EXERCISE DESCRIPTION:
Further down are entries; set down exactly and only the lines from the one with "Plaque Attention Spitz" up to and including the one with "Chaque jour, l’artiste", dropping each picture.

DATA RECORDS:
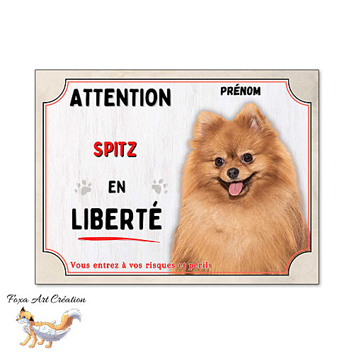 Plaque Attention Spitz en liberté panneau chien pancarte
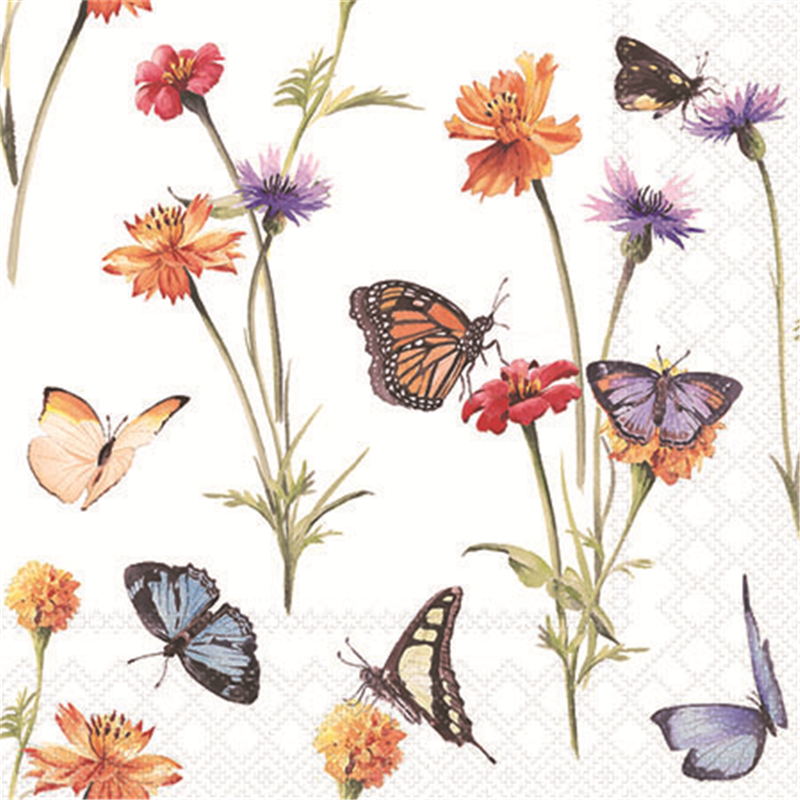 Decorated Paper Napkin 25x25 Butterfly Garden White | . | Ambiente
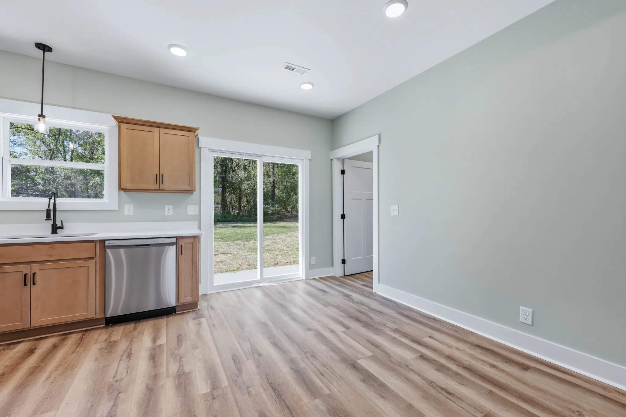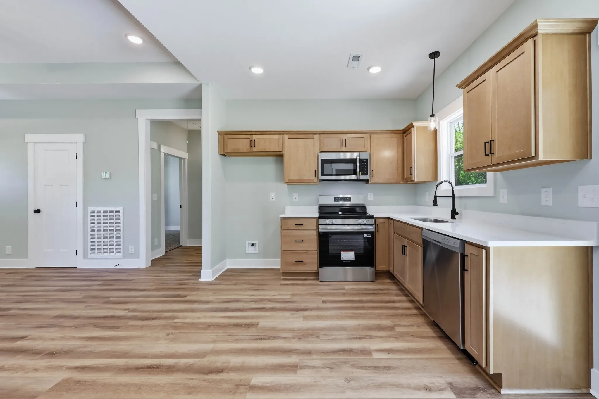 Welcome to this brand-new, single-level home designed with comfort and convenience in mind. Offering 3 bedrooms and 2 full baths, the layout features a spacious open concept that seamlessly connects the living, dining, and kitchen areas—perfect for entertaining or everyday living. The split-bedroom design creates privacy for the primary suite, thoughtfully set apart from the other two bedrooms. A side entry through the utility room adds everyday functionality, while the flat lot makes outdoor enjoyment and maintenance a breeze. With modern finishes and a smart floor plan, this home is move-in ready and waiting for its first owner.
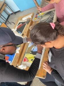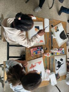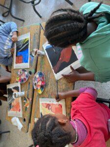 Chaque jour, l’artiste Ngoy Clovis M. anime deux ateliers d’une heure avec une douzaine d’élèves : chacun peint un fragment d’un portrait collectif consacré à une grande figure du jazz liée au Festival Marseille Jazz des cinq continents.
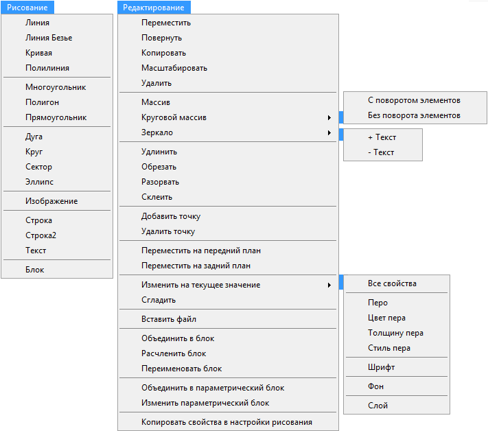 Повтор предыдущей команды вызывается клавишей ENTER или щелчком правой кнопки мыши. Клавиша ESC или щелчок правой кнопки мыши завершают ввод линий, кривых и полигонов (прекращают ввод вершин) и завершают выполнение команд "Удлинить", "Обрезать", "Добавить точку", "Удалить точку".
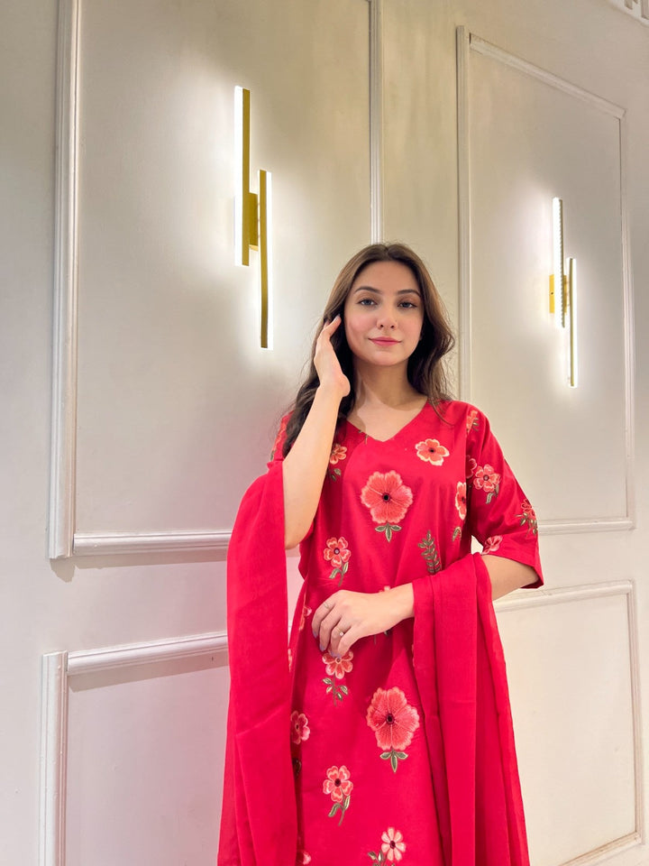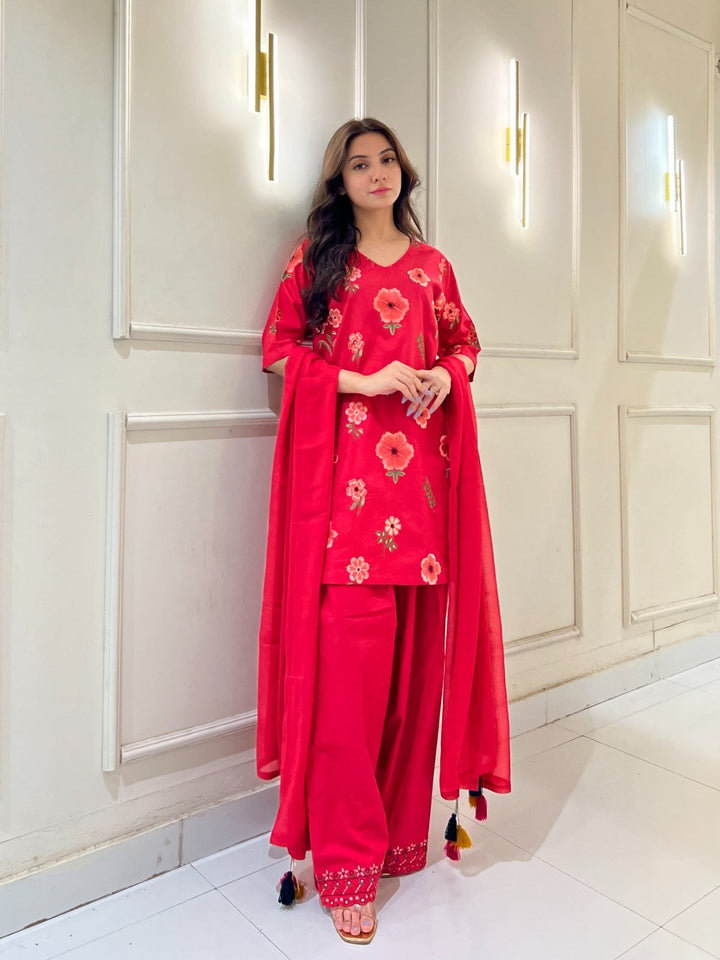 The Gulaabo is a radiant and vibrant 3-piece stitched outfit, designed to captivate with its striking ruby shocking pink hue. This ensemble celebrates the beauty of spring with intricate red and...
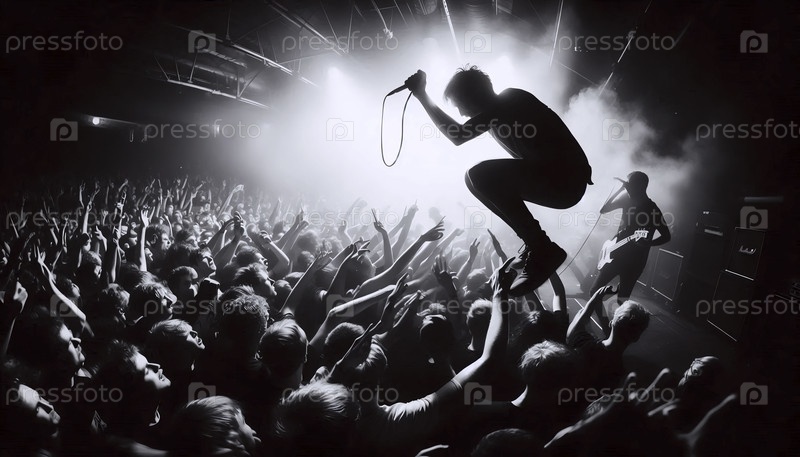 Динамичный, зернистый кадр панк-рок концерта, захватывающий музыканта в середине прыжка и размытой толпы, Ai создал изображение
==
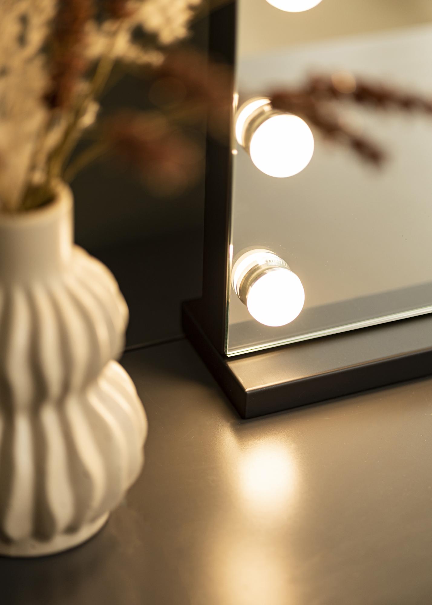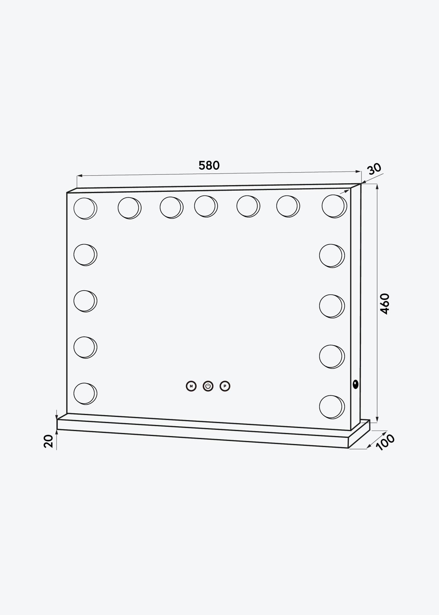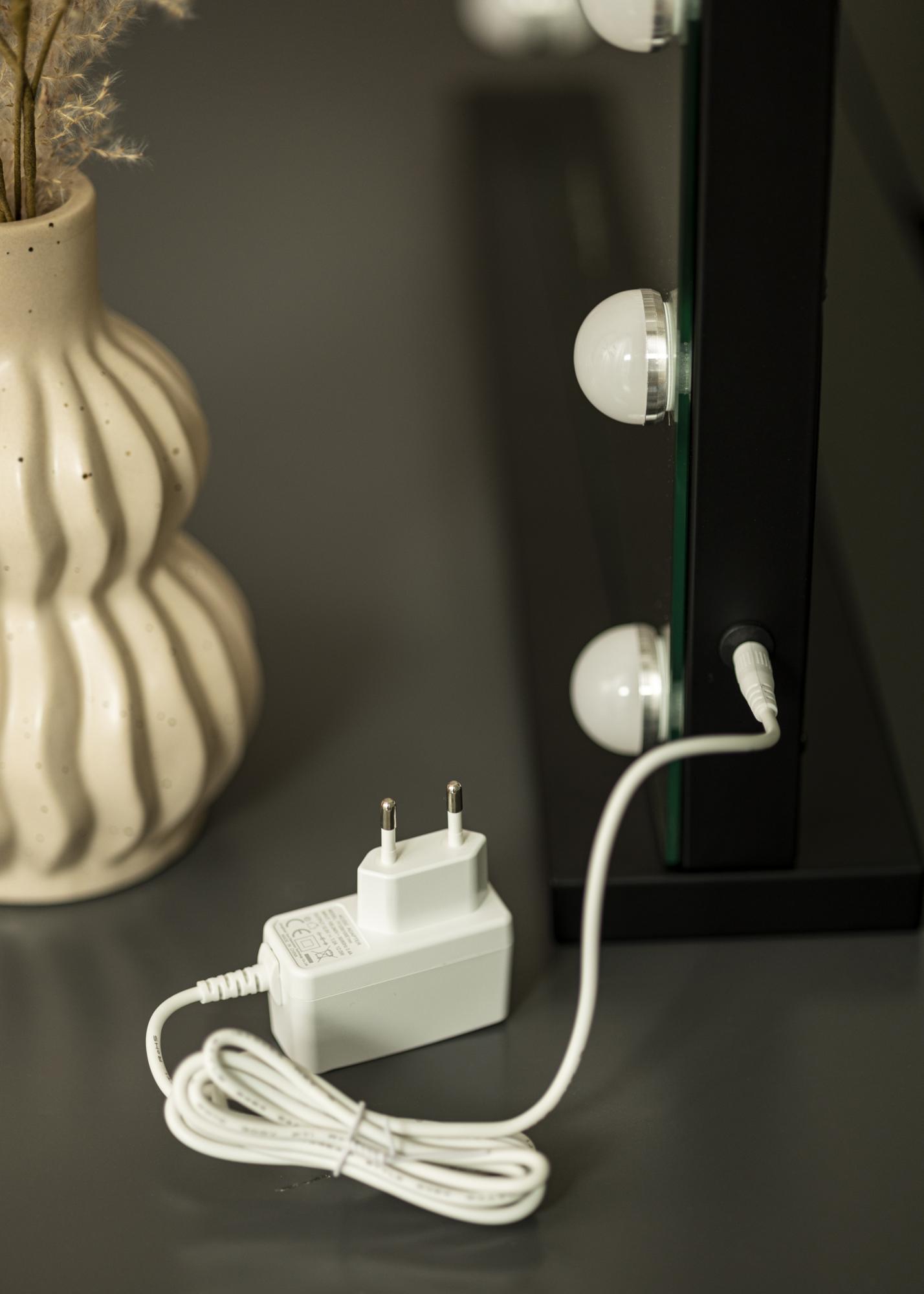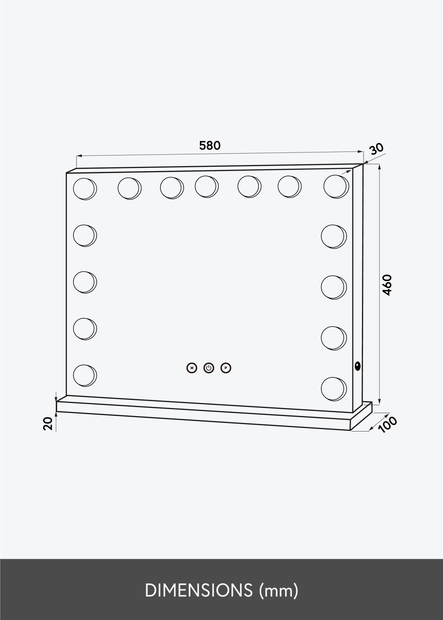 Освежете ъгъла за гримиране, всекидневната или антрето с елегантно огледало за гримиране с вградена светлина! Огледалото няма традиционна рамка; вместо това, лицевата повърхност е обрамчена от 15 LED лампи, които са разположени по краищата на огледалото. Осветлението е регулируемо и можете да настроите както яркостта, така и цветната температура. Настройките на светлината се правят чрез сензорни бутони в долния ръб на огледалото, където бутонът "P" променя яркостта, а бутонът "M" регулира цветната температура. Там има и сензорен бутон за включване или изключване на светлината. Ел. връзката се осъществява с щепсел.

OUTPUT:
 Plaque Attention Spitz en liberté panneau chien pancarte
 Decorated Paper Napkin 25x25 Butterfly Garden White | . | Ambiente
 Welcome to this brand-new, single-level home designed with comfort and convenience in mind. Offering 3 bedrooms and 2 full baths, the layout features a spacious open concept that seamlessly connects the living, dining, and kitchen areas—perfect for entertaining or everyday living. The split-bedroom design creates privacy for the primary suite, thoughtfully set apart from the other two bedrooms. A side entry through the utility room adds everyday functionality, while the flat lot makes outdoor enjoyment and maintenance a breeze. With modern finishes and a smart floor plan, this home is move-in ready and waiting for its first owner.
 Chaque jour, l’artiste Ngoy Clovis M. anime deux ateliers d’une heure avec une douzaine d’élèves : chacun peint un fragment d’un portrait collectif consacré à une grande figure du jazz liée au Festival Marseille Jazz des cinq continents.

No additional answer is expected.